Snowden: o retorno de Stone

Quando falamos do Oliver Stone, podemos falar de duas coisas: brilhante e instável. É impressionante que o mesmo gênio de Platoon e JFK conseguiu produzir filmes medíocres como Alexandre e Savages. Isso e a participação ativa do próprio Edward Snowden na produção me deixaram com a proverbial pulga atrás da orelha: seria apenas mais um filme oportunista, um caça-níquel aproveitando as polêmicas de privacidade e segurança que estão nas notícias todos os dias?

Depois de ver o filme, a minha conclusão foi um aliviado “não”. O filme tem a força de enredo e direção de um JFK sem a violência explícita (e que seria desnecessária nessa narrativa) que muitas obras de Stone ostentam. O fator chocante de Snowden, que é um ingrediente fundamental da filmografia do diretor, chega devagar, quase sem ser percebida. Ela está na facilidade com que a CIA destrói uma família do Oriente Médio para incriminar um alvo ou na conversa casual de dois agentes da NSA olhando as fotos e vídeos privados de uma pessoa que sequer era um alvo real. Ou na cena onde Edward Snowden se dá conta que sua própria vida privada está em risco, quando percebe que o seu computador da sala pode estar captando seus momentos íntimos com sua namorada. 

Não é um filme perfeito. O enredo avança devagar e trechos longos que não ajudam o roteiro a evoluir se tornam cansativos. O ego inflado de Snowden fica evidente em diversas cenas: ele é frequentemente retratado como o melhor agente disponível em diversas agências, facilmente superando seus pares na execução de tarefas. E a participação do próprio Snowden no final do filme mostra o seu interesse em ser percebido e reconhecido. Tenho sentimentos conflitantes a respeito disso: por um lado, o sacrifício pessoal dele merece ser reconhecido.

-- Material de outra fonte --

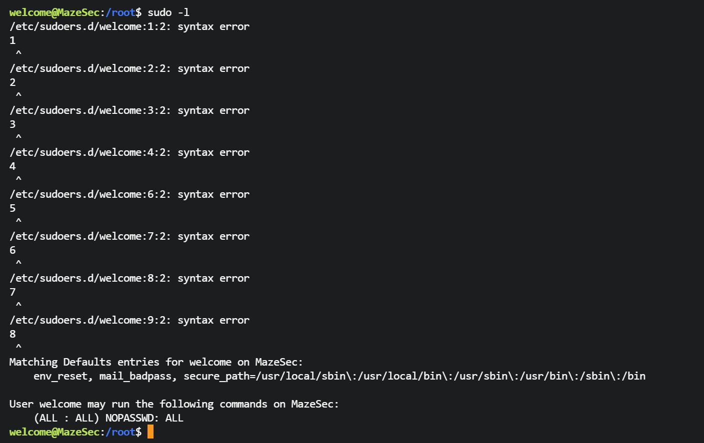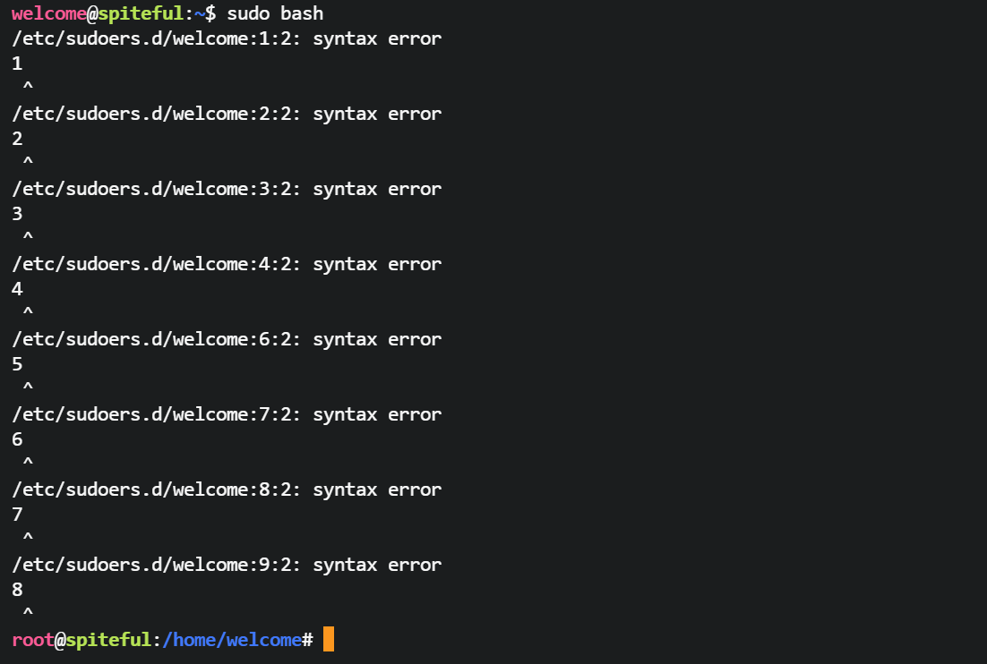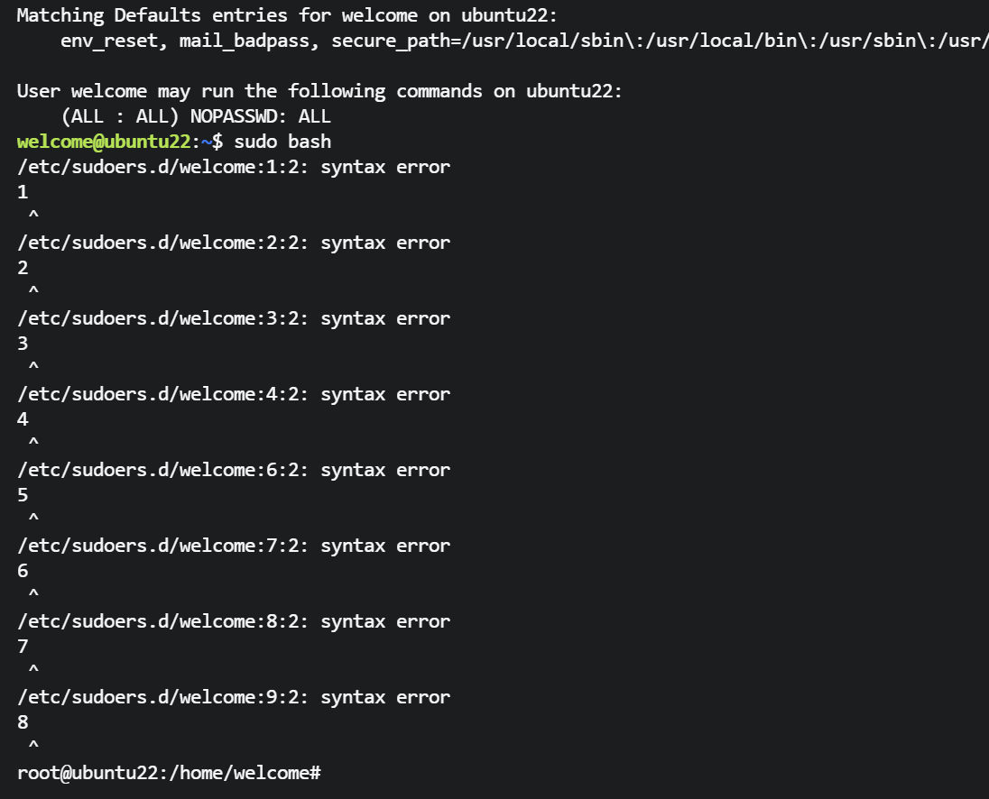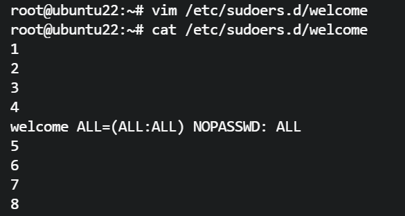 测试:在 Ubuntu 测试环境下,把恶意 sudoers 配置写入 /etc/sudoers.d/welcome 文件中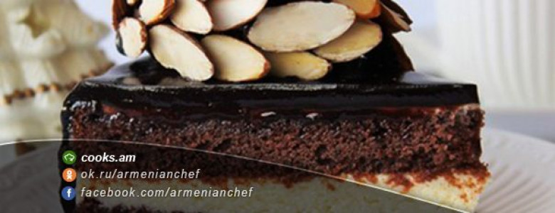 - Պատրաստում ենք շոկոլադե ջնարակը: Ջուրը, շաքարավազը, կակաոն և սերուցքը մարմանդ կրակին եփում ենք 10 րոպե: Երբ զանգվածը եռում է, հանում ենք կրակից և ավելացնում 5 ճ/գդ ջրում թրջած ժելատինը և զանգվածը հասցնում 40 աստիճանի: Այնուհետև լցնում ենք բիսկվիթի վրա և տեղափոխում սառնարան մինչ ջնարակի սառչելը: Տորթը հանում ենք սառնարանից, զարդարում կոներով և ճյուղերով: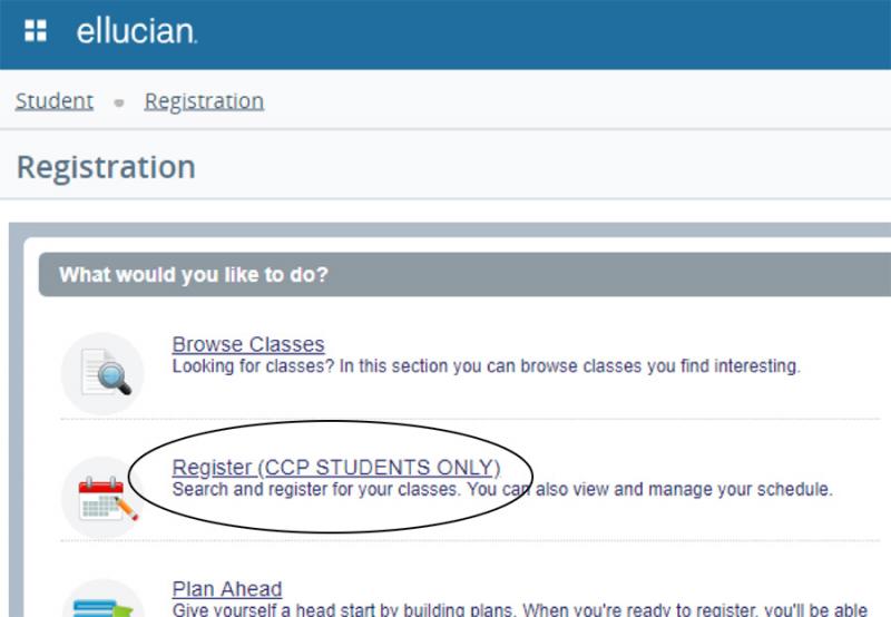 8. Click on Register (CCP STUDENTS ONLY).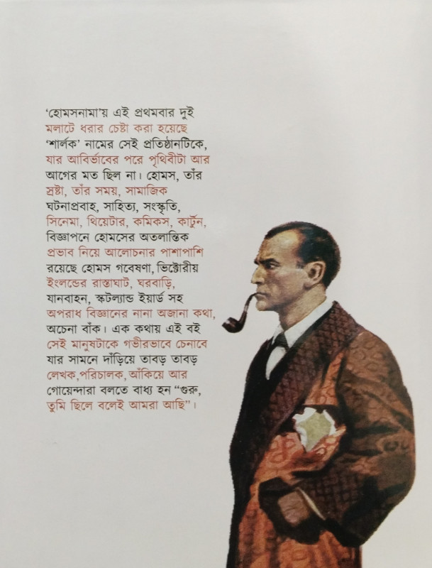 'হোমসনামা'য় এই প্রথমবার দুই মলাটে ধরার চেষ্টা করা হয়েছে 'শার্লক' নামের সেই প্রতিষ্ঠানটিকে, যার আবির্ভাবের পরে পৃথিবীটা আর আগের মত ছিল না। হোমস, তাঁর স্রষ্টা, তাঁর সময়, সামাজিক ঘটনাপ্রবাহ, সাহিত্য, সংস্কৃতি, সিনেমা, থিয়েটার, কমিকস, কার্টুন, বিজ্ঞাপনে হোমসের অতলান্তিক প্রভাব নিয়ে আলোচনার পাশাপাশি রয়েছে হোমস গবেষণা, ভিক্টোরীয় ইংলন্ডের রাস্তাঘাট, ঘরবাড়ি, যানবাহন, স্কটল্যান্ড ইয়ার্ড সহ অপরাধ বিজ্ঞানের নানা অজানা কথা, অচেনা বাঁক। এক কথায় এই বই সেই মানুষটাকে গভীরভাবে চেনাবে যার সামনে দাঁড়িয়ে তাবড় তাবড় লেখক, পরিচালক, আঁকিয়ে আর গোয়েন্দারা বলতে বাধ্য হন "গুরু, তুমি ছিলে বলেই আমরা আছি"।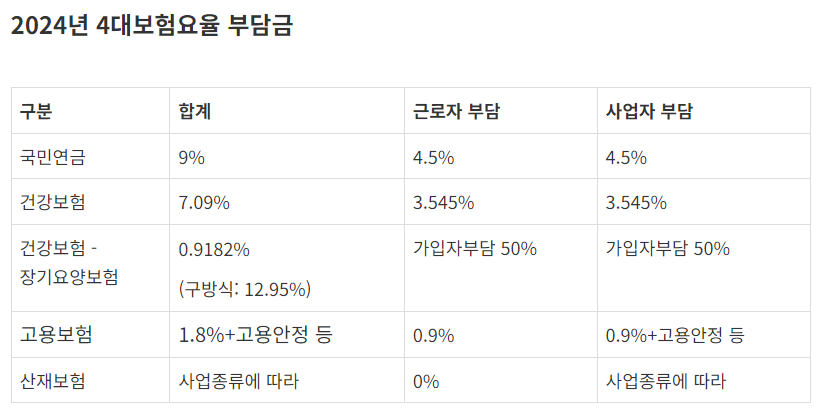 각 보험별로 2024년 요율은 아래와 같습니다.

Não são muitas pessoas que abandonam sua vida para servir uma causa. Por outro, o reconhecimento poderia vir naturalmente e sem um apelo tão óbvio. 

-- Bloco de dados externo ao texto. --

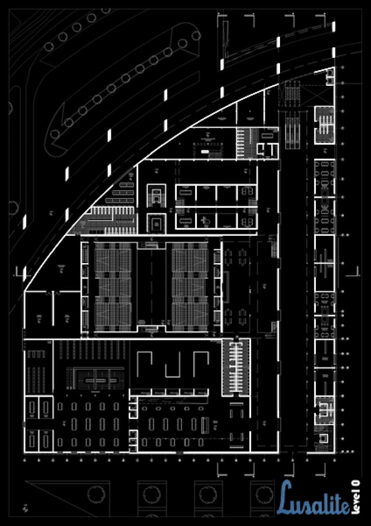 Cultural Center Lusalite: Integrated in the Riverside Plan for Algés - Cruz Quebrada (West Lisbon), the project consists in the rehabilitation of a well known national tile factory called Lusalite, created in 1930. Located between Cascais Railroad and the River Tagus, the building occupies 10 000 square meters and 2 levels. Due to the urban position, the intervention redesigns the North limits of the factory and the railroad, to unify them; the surrounding areas are designed in order to recreate an ambience of a Forum, relating public space and the water as a theme, taking advantage of Jamor stream. I: As a cultural equipment, it explores the Art Factory Concept with a Library, an Open Theater Scene, a Photographic Studio, a Multimedia Laboratory, a Recording Studio, an Events’ Stage, dressing rooms and all the needed technical and administrative dependencies. II: As an Infraestructural building, in the upper level there is a train station and a Lounge Area with a Bar that explores the relationship between levels and redefined interior properties. III: As a Commercial building, the creation of a two-storey Arcade with 8 shops and 8 bar/restaurants reinterprets the pre-existing space characteristics, emphasizing the interior and exterior relations which define a circulation scheme that relates the old and the new spaces in a continuum across the levels.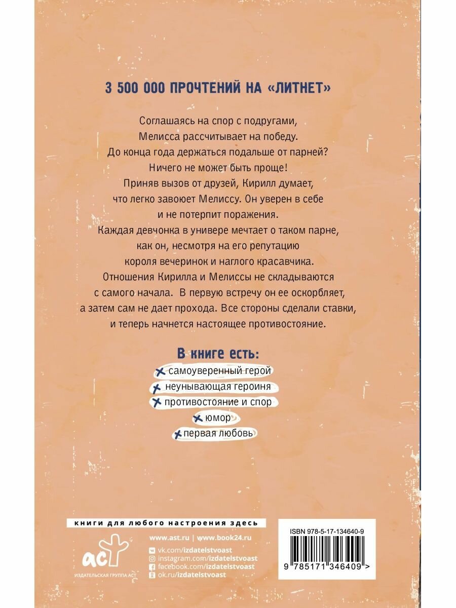 Приняв вызов от друзей, Кирилл думает, что легко завоюет Мелиссу. Он уверен в себе и не потерпит поражения. Каждая девчонка в универе мечтает о таком парне, как он, несмотря на его репутацию короля вечеринок и наглого красавчика.

Os atores são muito, muito bons. Joseph Gordon-Levitt faz uma das melhores performances da sua carreira e claramente tem uma opinião forte a respeito da importância da história de Snowden e de seus vazamentos sobre os abusos do governo americano. Reza a lenda que ele contrariou seu agente ao aceitar esse papel. Se isso for verdade, o ator deve ser ainda mais louvado. Shailene Woodley entregou uma performance digna de um filme desse porte, muito superior ao seu trabalho em A culpa é das estrelas e Divergente. E Zachary Quinto convenceu como um jornalista que, aos poucos, foi se tornando mais e mais engajado na narrativa de Snowden.

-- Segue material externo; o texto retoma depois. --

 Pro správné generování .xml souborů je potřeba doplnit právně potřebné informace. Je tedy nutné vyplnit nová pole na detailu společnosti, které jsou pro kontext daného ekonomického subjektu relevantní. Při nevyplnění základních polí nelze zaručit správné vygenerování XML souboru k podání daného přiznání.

Apesar de tudo isso, filme peca no apelo emocional. É clínico e não consegue despertar uma simpatia real pelos personagens. Fica dúvida, claro, se isso é acidental ou se Stone considerou a mensagem do filme tão poderosa e essencial que optou por uma narrativa fria para ressaltar a veracidade e dureza da história que contou.

Ficha

Título: Snowden: Herói ou Traidor (Snowden)

Nota do Sr Chato: 9/10

Potencial Comercial: 7/10

Dados Técnicos: EUA / 2016 / 134 minutos / Disney

Gênero: Biográfico, drama, thriller

Direção: Oliver Stone

Roteiro: Kieran Fitzgerald, Oliver Stone

Estrelas: Joseph Gordon-Levitt, Shailene Woodley

Comparáveis: A Rede Social, Citizenfour

Por que assistir: O retorno de Oliver Stone à forma.